The mysteries of black holes.
Ablack hole is a region of space where matter has become so densely packed that its gravity will let nothing escape – including light. Time comes to a stop at its edge, and its centre may hide a point of infinitely small volume and infinite density, where all laws of physics break down.
Possessing the terrifying power to devour anything unlucky enough to pass within their grasp, it is little surprise that these cosmic chasms have become a staple of sci-fi since the term ‘black hole’ was coined in 1964.

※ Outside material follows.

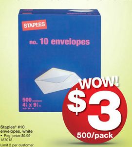 This week, I found 500 #10 white envelopes at Staples for only $3! Regularly priced at $9.99. Please note there is a limit of two per customer.

Almost 50 years before this discovery, Karl Schwarzchild’s solutions to Einstein’s theory of general relativity had predicted how a black hole could form. In 1916, Schwarzchild predicted that if matter could be drawn tightly enough together, it could suffer a cataclysmic collapse to an infinitesimal point called a singularity, a bottomless pit in the fabric of space-time.
He also provided a useful distance from the centre of the black hole you would not want to go beyond, the Schwarzchild radius. This marks the boundary where the speed required to escape the gravitational pull of a black hole is equal to the speed of light. Beyond this point, matter and light are forever trapped. This is why we are not able to actually see inside a black hole.
Given that they emit nothing, not even light, how do we know that black holes even exist? The answer is that we have observed their effects on other celestial bodies and material that we can see.
The light fantastic
One of the brightest clues is the accretion disc; a flattened band of gas, dust and other debris from a star that has come close to the black hole but not quite fallen in. The particles within the accretion disc are accelerated to tremendous speeds by the black hole’s gravity, in the process releasing heat, X-rays and gamma rays, which can be seen by dedicated observatories. By also measuring the orbit of the star around the hidden object, scientists can infer the latter’s mass and size, and thereby confirm it is indeed a black hole. Using this technique, tens of stellar-mass black holes have been found. Similarly, many hundreds of supermassive black holes, which sit at the heart of most galaxies, have been discovered by observing the fast orbits of stars and gas, and seeing stars being literally torn apart by the strong gravitational field.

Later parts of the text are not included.